MILAN — Defying the economic doldrums, Prada SpA continues to thrive.

This story first appeared in the November 30, 2011 issue of WWD. Subscribe Today.

Gains in its leather goods division and a strong performance in the Asia-Pacific region helped the luxury group report a jump in earnings and revenues in the nine months ended Oct. 31. Net profit surged 75 percent to 273.2 million euros, or $385.2 million, compared with 156.5 million euros, or $205 million, in the same period last year.

Sales at the firm, which made its debut on the Hong Kong Stock Exchange on June 24, gained 25 percent, totaling 1.73 billion euros, or $2.44 billion, compared with 1.38 billion euros, or $1.81 billion, in the first nine months last year.

Dollar amounts have been converted at average exchange for the periods to which they refer.

Prada also said that, effective Tuesday, long-standing chief operating officer Sebastian Suhl was exiting the company “to pursue other business opportunities,” and with “no disagreements with the board.” As Prada looks for a candidate to succeed Suhl, his duties will be taken over by the executive directors of the group.

In its overview of the nine-month period, Prada reiterated that retail sales helped boost the company’s performance, as its directly operated stores showed a 36 percent rise in sales to 1.33 billion euros, or $1.88 billion. On a like-for-like basis, retail sales grew 23 percent.

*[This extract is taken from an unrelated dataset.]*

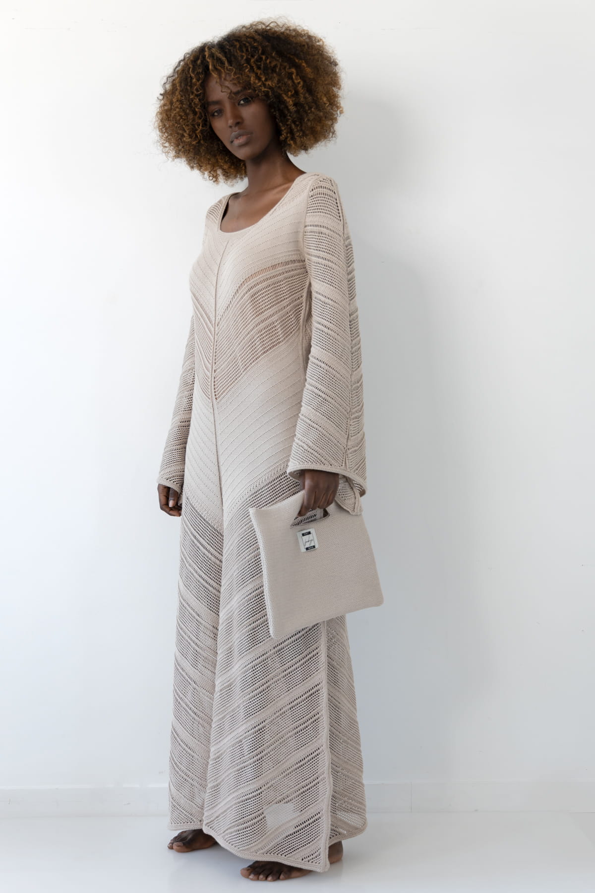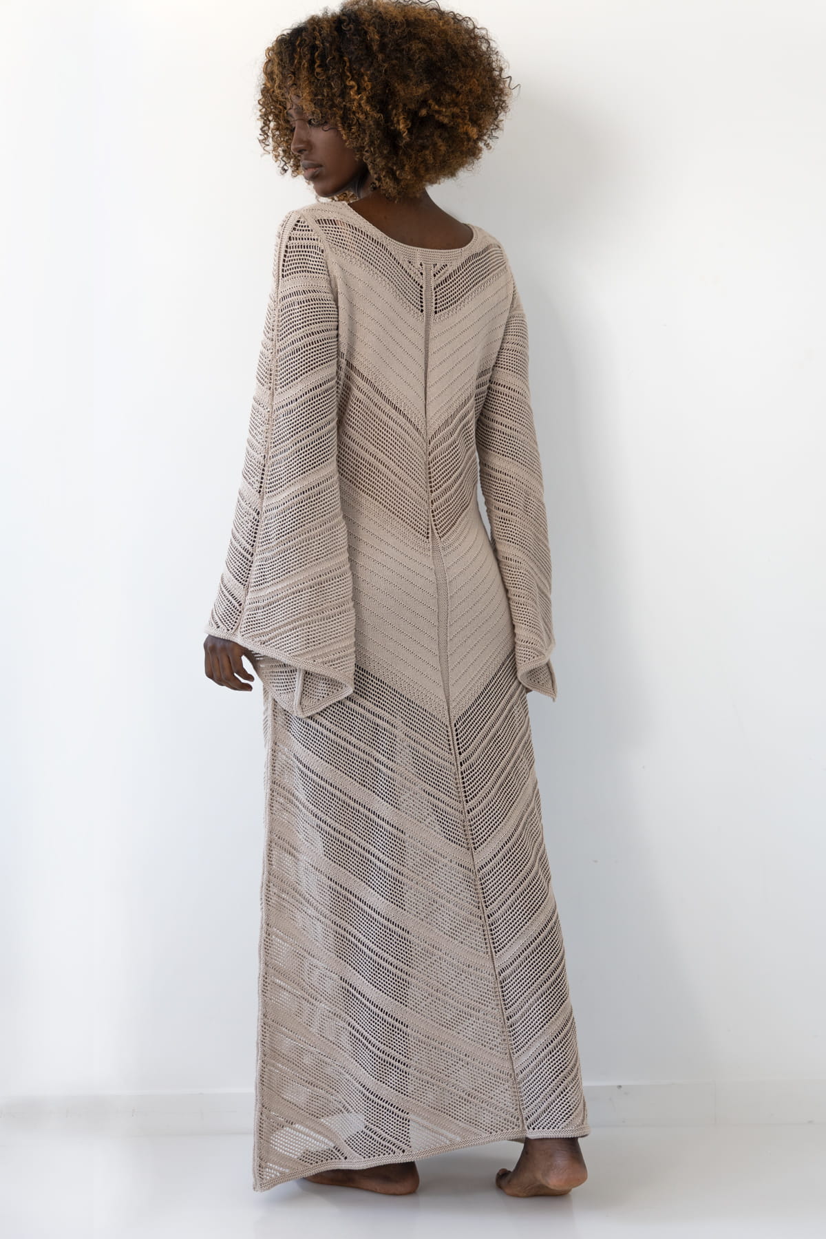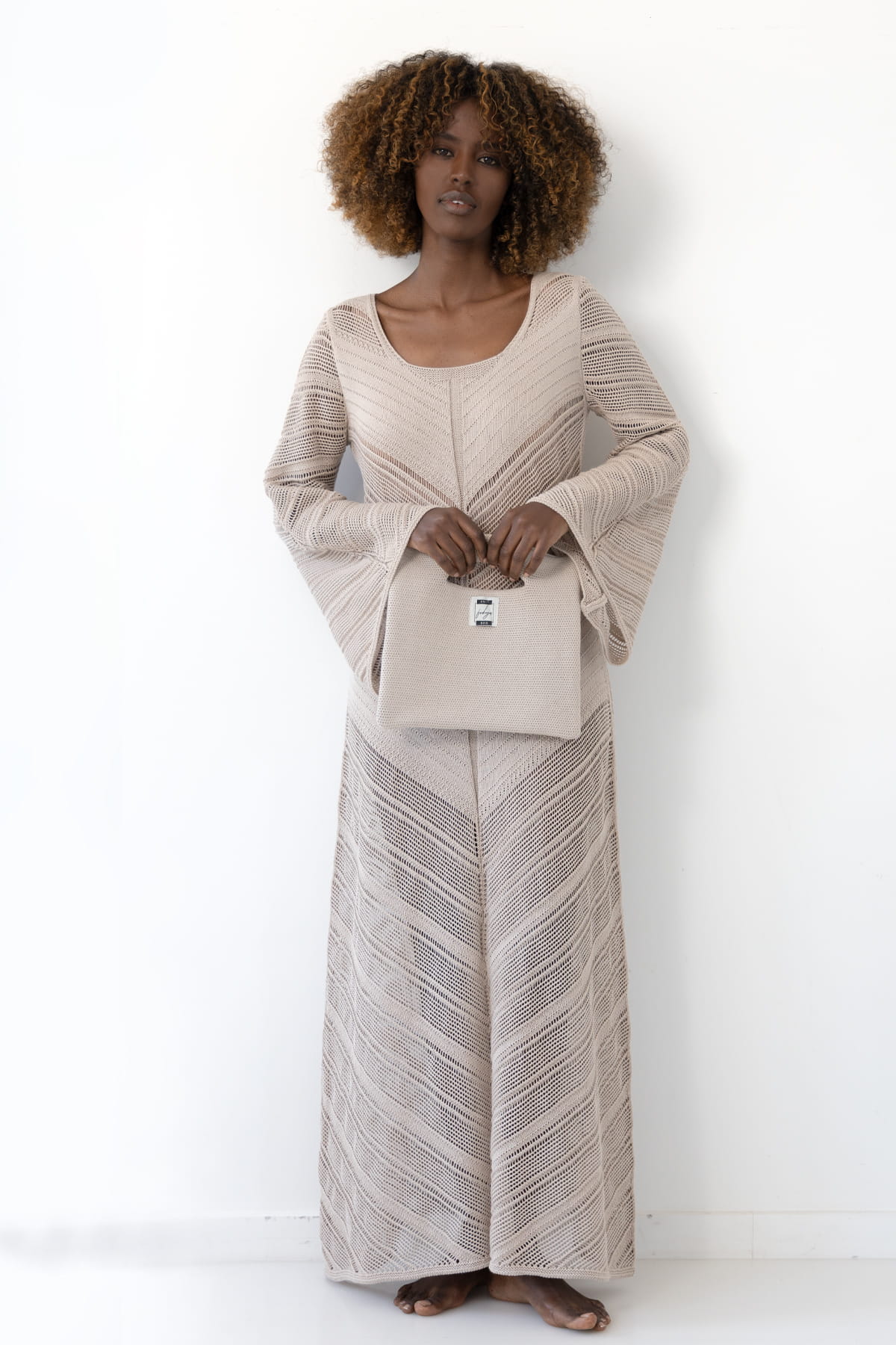 Ta długa ażurowa sukienka to nie tylko stylizacja – to sposób na wyrażenie siebie. Uszyta z oddychającej, przyjemnej dla skóry dzianiny bawełnianej, delikatnie otula ciało, tworząc efekt subtelnej zmysłowości i swobodnej elegancji. Ażurowy splot nie tylko przyciąga spojrzenia, ale też dodaje lekkości i pozwala skórze oddychać – idealnie na ciepłe, letnie dni.

Investments in the period amounted to 178.1 million euros, or $251.1 million, largely covered by operating cash flow, and mainly dedicated to the expansion of the group’s retail network. In September, Prada said it planned to open 80 stores a year over the next three years.

“Whilst we will continue to closely monitor markets’ behavior, we remain confident in the strength of our brands as well as in the luxury market’s potential,” stated Patrizio Bertelli, chief executive officer. “We will continue to pursue our objective of long-term growth through our strategy focused on the geographic expansion of directly managed shops and the high quality of our products.”

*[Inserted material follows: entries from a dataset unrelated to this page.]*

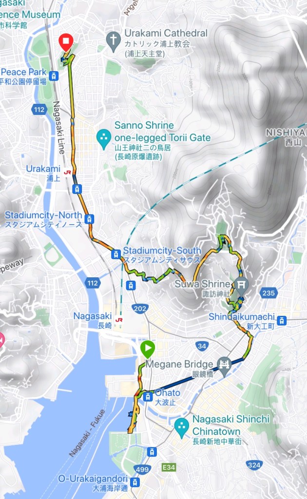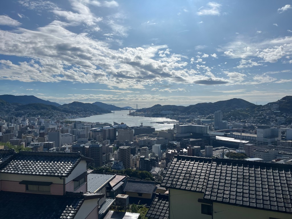 As we ascend Unusual Road you can see amazing views of Nagasaki. We notice the it’s still very green despite being the middle of Autumn when the leaves should be orange and starting to fall. We’ve heard quite a few people saying that Summer seems to be getting longer in both Japan and South Korea.
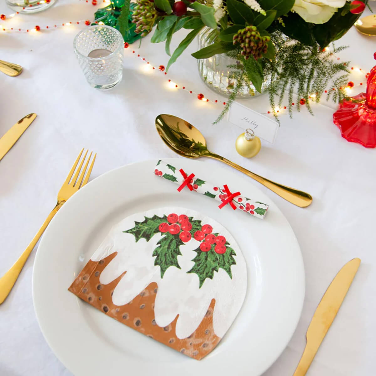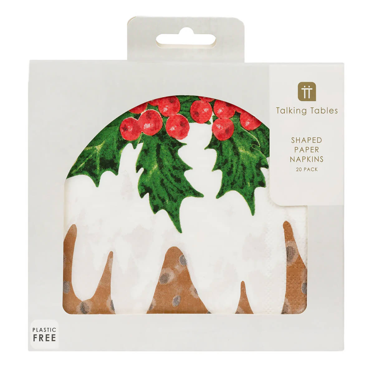 Christmas pudding paper napkins by Talking Tables. The perfect accompaniment to your Christmas table! This pack of 20 quirky napkins is ideal for celebrating with the loved ones in your life during the festive season whether that's Christmas Day, Boxing Day or even Twixmas.
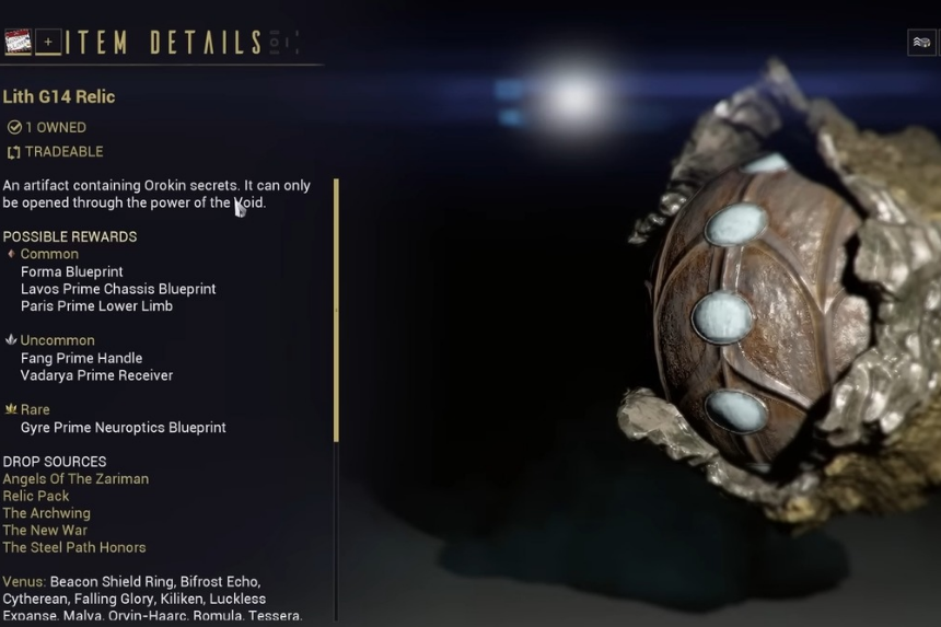 Le reliquie per Gyre Prime non richiedono troppa macinazione, poiché c’è solo una parte rara nell’intero set. Quando ti concentri sull’acquisizione di reliquie Lith G14, prova ad aprirle in squadre coordinate quando possibile, e il resto della build di solito si riunisce senza troppi problemi.
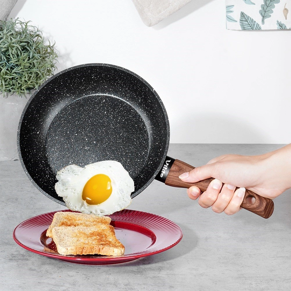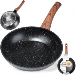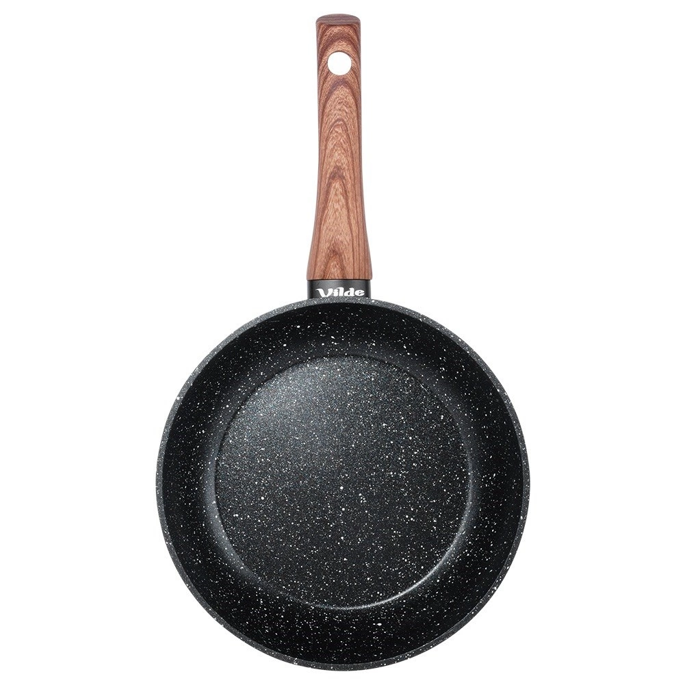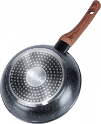 En stilfuld pande i en moderne kombination af sort og træ er ideel til daglig stegning og sautering. Det holdbare aluminiumsstøbegods varmes hurtigt op, og den granitbaserede non-stick belægning sikrer let frigivelse af maden uden fastbrænding – der skal kun en dråbe olie til.
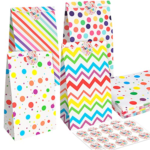 PHOGARY 20 bitar Papper Party Bags för barnfest, regnbågsprickar och randiga färgpåsar med 24 bitar Tack klistermärke för barn födelsedagsfest, Goodie godispåsar till påsk
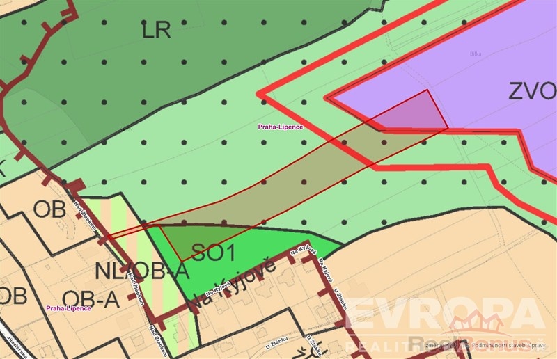 Budoucí produkční zóna: Podle nového Metropolitního plánu (lokalita 633 / Lipence rozvoj) je menší část pozemku (cca 3 000 m) definována jako zastavitelná stavební plocha se způsobem využití produkční.

Bertelli underscored how the group continues to grow revenues and profitability while improving operating margins.

In particular, the company noted a “sharp increase” in the third quarter compared with the first half of the year, as retail sales grew 39 percent in the three months.

In the nine months, earnings before interest, taxes, depreciation and amortization grew 47 percent to 486.5 million euros, or $686 million. Operating profit climbed 58 percent to 392.3 million euros, or $553.1 million.

The group controls the Prada and Miu Miu brands, which drove the growth in the period as both increased in excess of 25 percent, and the Church’s and Car Shoe labels.

Leather goods continued to be the group’s core business, accounting for 56 percent of total sales, and registering a 41 percent increase. The ready-to-wear and footwear categories also showed gains, up 3 percent and 14 percent, respectively.

All geographical areas showed double-digit growth. The Asia-Pacific region, the group’s main market with sales of 579.7 million euros, or $817.3 million, climbed 39 percent. Revenues in Europe grew 21 percent. Sales in the U.S. gained 19 percent, or 27 percent at constant exchange rate, while Japan posted a 12 percent increase.

In the third quarter, the group expanded in both high-growth luxury markets and in more established countries, where the retail network is still underpenetrated. Among the new openings, at the end of August, Prada and Miu Miu opened venues in Dubai at the Saks Fifth Avenue department store, the first for the brands in that region. Miu Miu opened its first banner in Barcelona in September. In the period, Miu Miu stores were opened in Tokyo and Guangzhou, where a Prada unit was also unveiled.

Looking ahead, Prada will open a boutique in Paris in January during Couture Week, on Rue du Faubourg Saint-Honoré.

During the first nine months, the group opened 51 stores, plus five more in the following weeks, increasing its retail network to 370 directly operated stores. Going forward, Prada aims to have about 550 directly operated stores by the end of 2013. At the end of 2013, Prada expects about half the new stores will be in Asia, with around 50 in China. Investments are also earmarked for Russia, the Gulf region and Latin America, which were previously served through franchising agreements.

As of Oct. 31, the group’s debt decreased to 110.1 million euros, or $155.2 million. As of July 31, net debt stood at 135.2 million euros, or $193.3 million, compared with 408.6 million euros, or $555.7 million, at the end of January. The company said it reduced debt through a capital increase of 206.6 million euros, or $295.4 million, reserved to the market and operations-driven free cash flow. Prada raised about $2.14 billion from the initial public offering, with a majority of shares coming from existing stock owned by Bertelli’s wife, designer Miuccia Prada, and others in the company. Another major shareholder was Italian bank Intesa Sanpaolo SpA, which sold 102.25 million shares of Prada, representing about 4 percent of the fashion firm’s capital upon the listing, retaining 25.6 million shares.

Prada shares closed up 3.05 percent at 35.50 Hong Kong dollars, or $4.55 at current exchange.